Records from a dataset

####

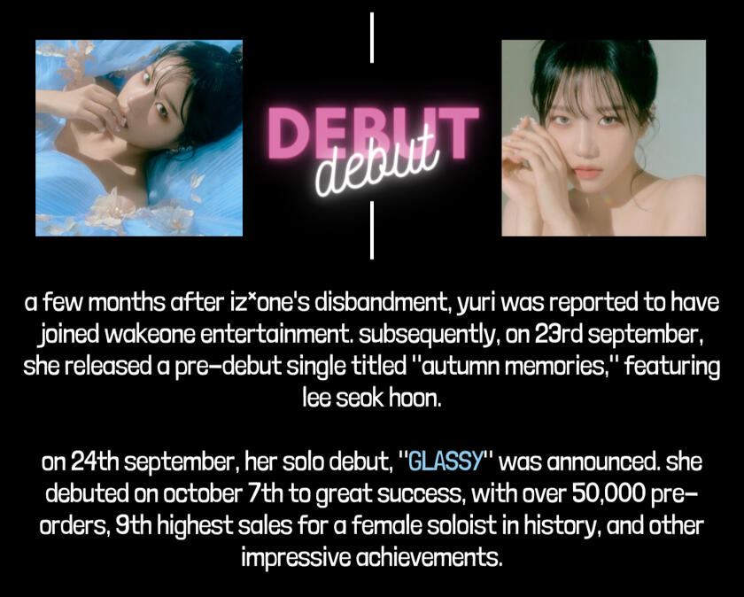 name: jo yuri (조유리)d.o.b: october 22, 2001birthplace: namgu, busanheight: 162cm (5'4")company: wakeone entertainmentinstagram: zo__glasssfan name: GLASSY
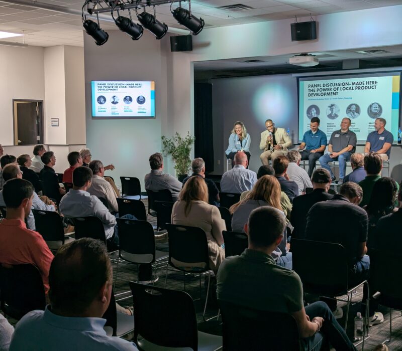 On Thursday, August 14 at Launch Fishers we hosted 100 hardtech innovators and heard from subject matter experts on the innovation theme, Made Here: The Power of Local Product Development. Industry partners from Amoon Spirits, Indesign, LLC, and Outside Source took the stage to share their insights on innovating a vodka bottle, something that hasn’t changed in over a decade.
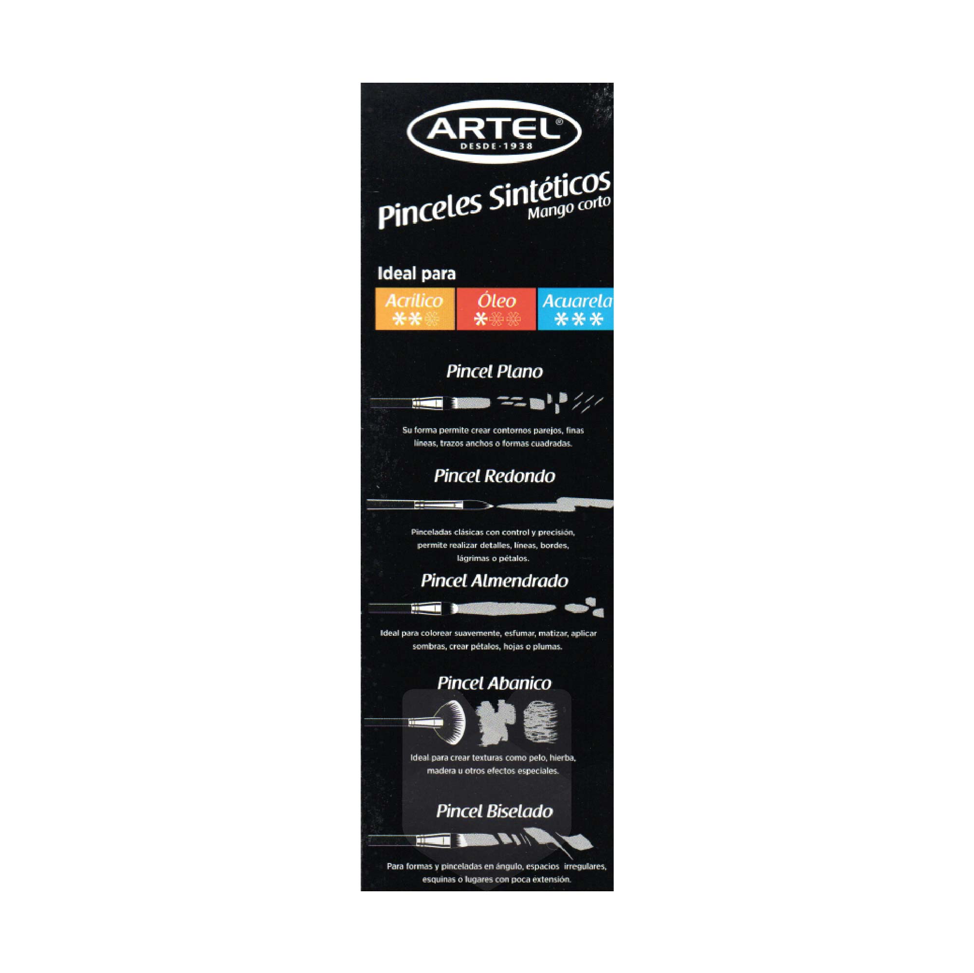 Contienes 4 pinceles redondos N° 0/5.2.4.6 y un pincel plano N°12Pinceles de mango corto que permite una mayor libertad de movimientoMango color azul de madera de abedul
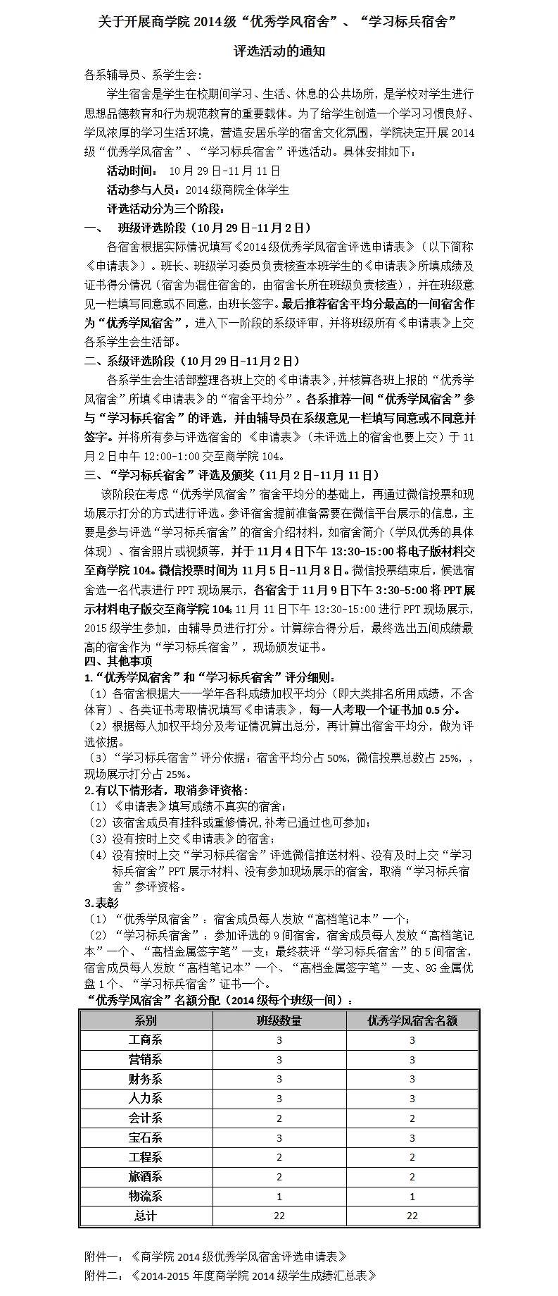 附件一:2014级学风宿舍评选申请表附件二:2014-2015年度商学院2014级学生成绩汇总表
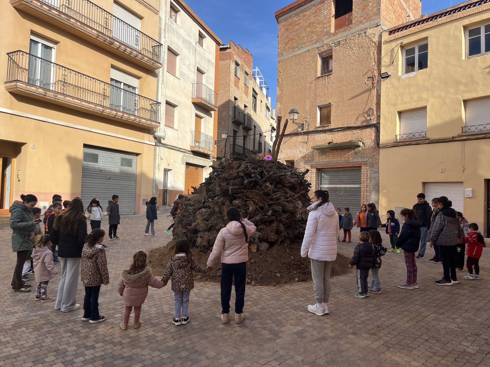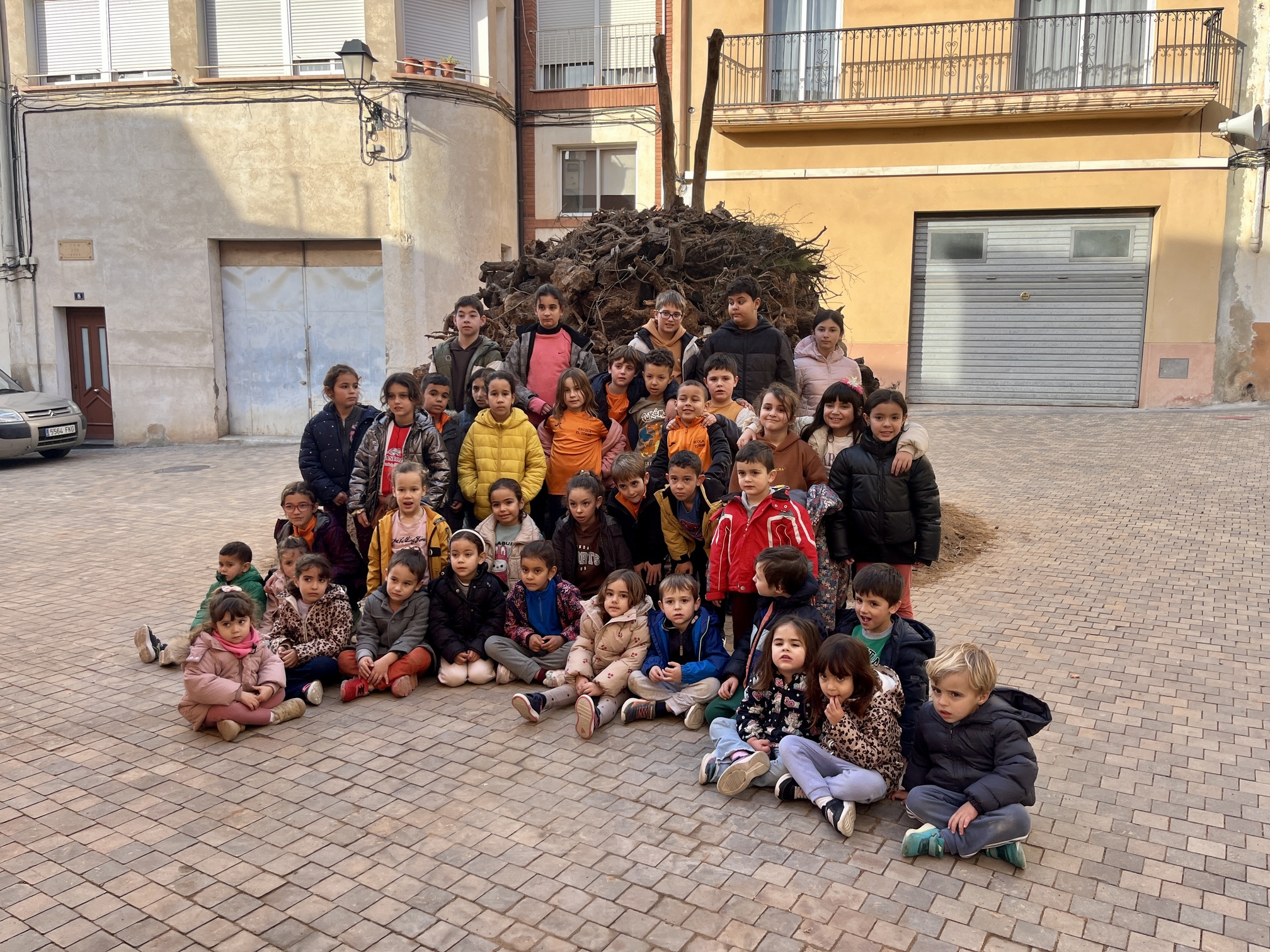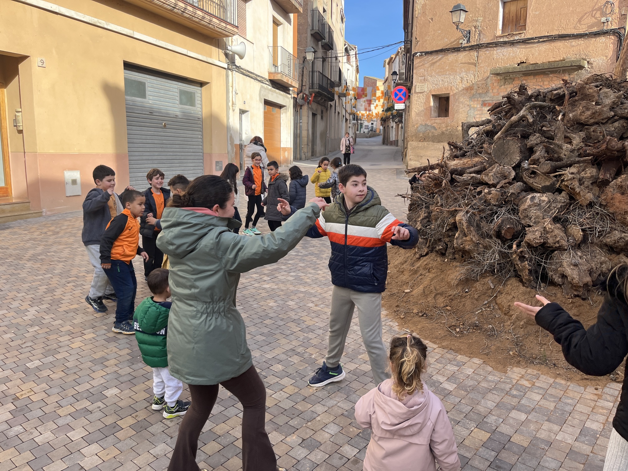 A la tarda, tot l’alumnat de l’escola ens vam dirigir fins a la plaça de l’Ajuntament amb un bon ambient de festa major, on vam poder visitar la foguera i ballar, tot fent rotllana al seu voltant, la jota que havíem après al matí.

####

When you copy the entries above, keep every word exactly and omit the images.

■ **Written answer**
 name: jo yuri (조유리)d.o.b: october 22, 2001birthplace: namgu, busanheight: 162cm (5'4")company: wakeone entertainmentinstagram: zo__glasssfan name: GLASSY
 On Thursday, August 14 at Launch Fishers we hosted 100 hardtech innovators and heard from subject matter experts on the innovation theme, Made Here: The Power of Local Product Development. Industry partners from Amoon Spirits, Indesign, LLC, and Outside Source took the stage to share their insights on innovating a vodka bottle, something that hasn’t changed in over a decade.
 Contienes 4 pinceles redondos N° 0/5.2.4.6 y un pincel plano N°12Pinceles de mango corto que permite una mayor libertad de movimientoMango color azul de madera de abedul
 附件一:2014级学风宿舍评选申请表附件二:2014-2015年度商学院2014级学生成绩汇总表
 A la tarda, tot l’alumnat de l’escola ens vam dirigir fins a la plaça de l’Ajuntament amb un bon ambient de festa major, on vam poder visitar la foguera i ballar, tot fent rotllana al seu voltant, la jota que havíem après al matí.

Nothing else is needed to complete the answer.